Trevor met her as she walked back toward him in the falling darkness. “What gear did you bring with you?” he asked neutrally.
Apparently, he was willing to declare a truce for now. Fair enough. If he was willing to wait to chew her out for stowing away, she could wait to have it out with him for leaving without saying goodbye to her.
Equally neutrally, she answered, “I have a full kit, minus a rifle and ammo.”
“How did you pull that off?”
“Cal sent my kit in the trunk full of dresses. Didn’t it occur to you that it was awfully heavy for a few party gowns?”
“Sonofagun.”
She smiled a little at his chagrin. It was rare that anyone pulled one over on Trevor Westbrook.
“Do you have your own tent?” he asked.
“No. But it’s not like we haven’t shared one before.”
“Mansur won’t stand for that,” Trevor warned.
“He’s scared spitless of us. He won’t say a word,” she predicted.
“You underestimate the power of his beliefs. He’ll say something.”
He turned out to be right. Mansur was having no part of her sharing Trevor’s tent. In the end, Mansur slept across the seat of the truck cab, she slept in the back of the Range Rover, and Trevor slept in the low-profile military tent he’d purchased in Karaken.
As Trevor closed her into the Range Rover with an alarm set on her watch for four hours hence, he murmured, “Beware of Mansur.”
“Why?”
“Just don’t be lulled into a false sense of security around him. He’ll kill either or both of us if he can.”
She stared at Trevor, startled. Had she been lulled so much by Mansur’s fear
she’d missed the fact that he had potential to be dangerous? She trusted Trevor’s instincts implicitly. If he was wary of Mansur, she would absolutely follow suit.
Trevor waited until she locked the doors from inside before he retreated into the darkness. He wouldn’t be so cranky about her having stowed away a few hours from now when he got to sleep the rest of the night and she took over the watch for him.
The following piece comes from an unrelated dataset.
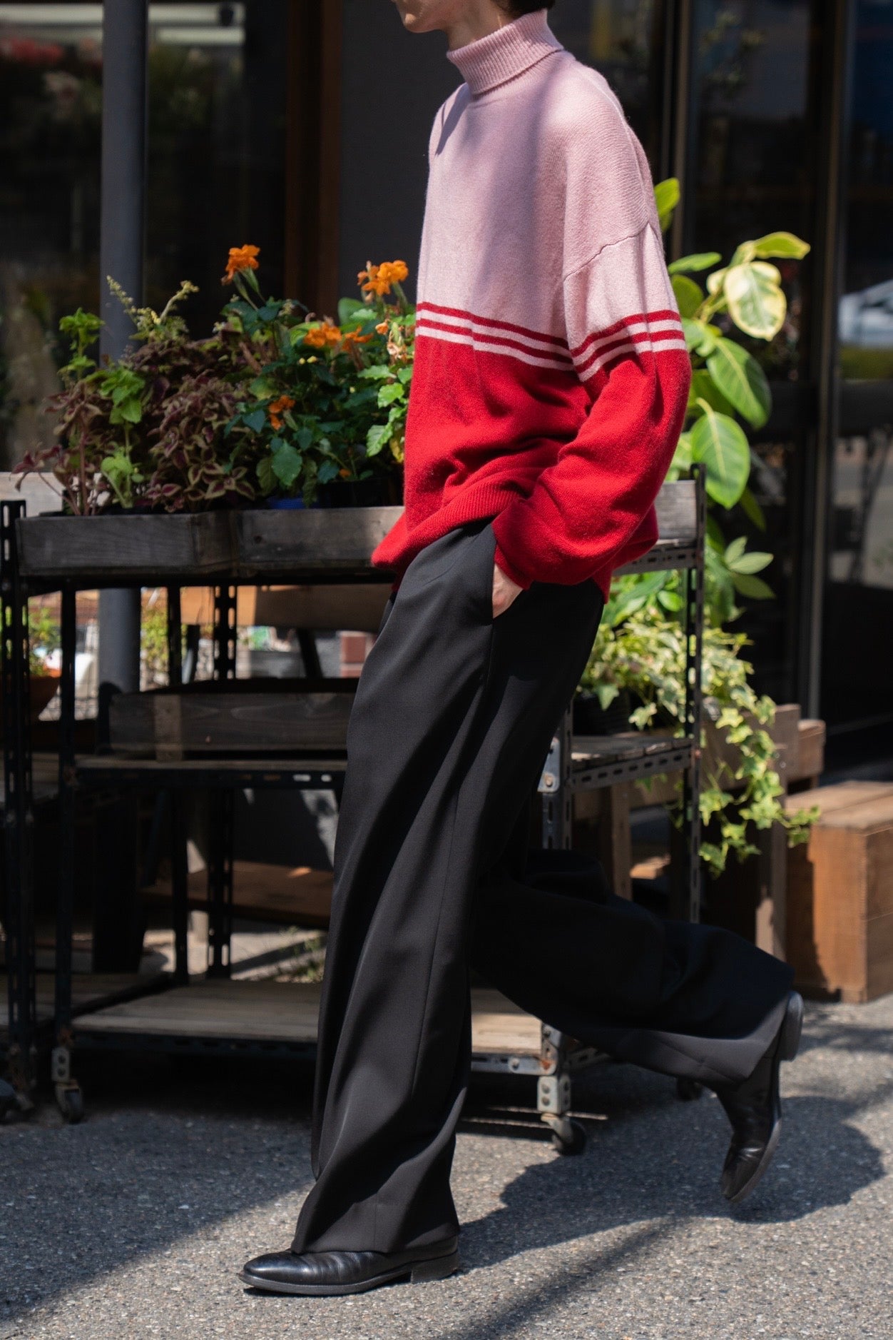 8Gでふんわり編んだカシミヤタートルセーター。

Four hours later, a rhythmic vibration against her left wrist woke her up. She shed the blanket and shivered immediately. This would definitely be a walking watch rotation.
Except when she piled out of the back of the vehicle, she spied Trevor sitting beside a small combat fire. He’d dug a shallow pit and built the fire in the bottom, disguising the flames from distant eyes. He’d gathered a big enough pile of wood to last all the way through her shift on the watch, too.
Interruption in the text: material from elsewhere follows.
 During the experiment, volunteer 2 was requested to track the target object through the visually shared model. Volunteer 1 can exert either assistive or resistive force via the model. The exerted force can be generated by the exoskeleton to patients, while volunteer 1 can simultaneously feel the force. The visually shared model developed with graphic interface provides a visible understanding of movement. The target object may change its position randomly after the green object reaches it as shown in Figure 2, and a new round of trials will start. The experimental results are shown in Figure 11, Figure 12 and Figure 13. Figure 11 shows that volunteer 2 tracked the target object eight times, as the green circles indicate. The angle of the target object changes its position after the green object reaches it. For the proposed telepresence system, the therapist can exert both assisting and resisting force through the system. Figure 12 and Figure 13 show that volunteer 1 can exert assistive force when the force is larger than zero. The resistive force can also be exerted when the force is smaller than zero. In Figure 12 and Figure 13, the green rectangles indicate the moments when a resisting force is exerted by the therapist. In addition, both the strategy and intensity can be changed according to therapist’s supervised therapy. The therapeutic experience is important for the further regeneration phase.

The night around them was cold and crystalline. It felt as if it would shatter if she disturbed its silence. Trevor gestured to the big log he sat on, and she sank down beside him.
He spoke in a hush, as if he felt the brittle quality of the night as well. “Okay. True confession time. Why did you stow away in the truck?”
“Cal gave me orders to bring you and Kenny back alive. You’d made it clear you didn’t want me to go along with you, so it wasn’t a big surprise when you tried to sneak away.”
“I didn’t expect you to find out. Did Gohar tell you?”
“Mansur did. He bragged about how eager you were to get away from me and that he would be the one who came back to claim me.”
“Bastard,” Trevor muttered.
“He sounded as if he might try to kill you. If I hadn’t already been planning to go with you, I would have had to come after he talked all that smack about you.”
“Thanks.”
She shrugged. “You’d have done the same for me.”